- From: fantasai <fantasai.lists@inkedblade.net>
- Date: Mon, 13 Apr 2009 14:16:10 -0700
- To: www-style@w3.org, "Grant, Melinda" <melinda.grant@hp.com>, Michael Day <mikeday@yeslogic.com>, MURAKAMI Shinyu <murakami@antenna.co.jp>
I had an action item to write a detailed proposal for allowing page-based
counters and document-based counters to interact. The constraints on this
proposal are:
- It must be precisely and completely defined so that it can be
interoperably implemented.
- It must not cause incremental rendering problems. Specifically,
rendering a page later in the document must not create a counter
scope that starts before that page. (See dbaron's discussion of
this problem in
http://lists.w3.org/Archives/Public/www-style/2008Nov/0024.html
- It must address the use cases for page-document counter interactions,
such as a chapter-scoped page counter or a page-scoped footnote counter.
So here's my attempt to define the interaction of page and document counters.

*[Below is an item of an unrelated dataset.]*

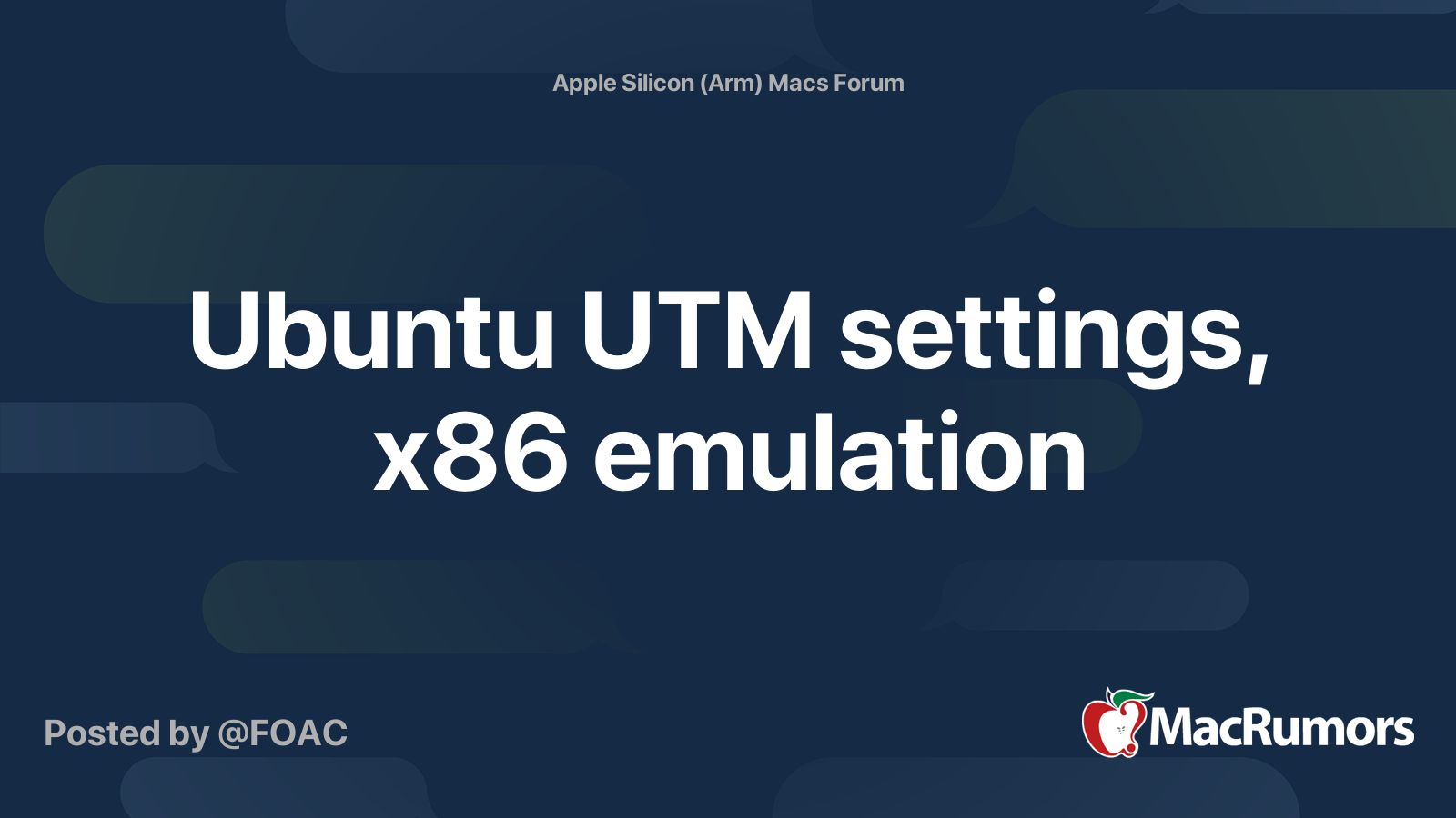 Ubuntu UTM settings, x86 emulation MacRumors Forums

At every page break (including start of document, which corresponds to
start of root element, i.e. immediately before :root::before):
1. Apply any counter-reset and counter-increment rules to the page box,
creating and incrementing counters as if all page boxes, including
this one, were sibling elements in a document. These counters are in
the @page counter scope, and do not affect content in the document.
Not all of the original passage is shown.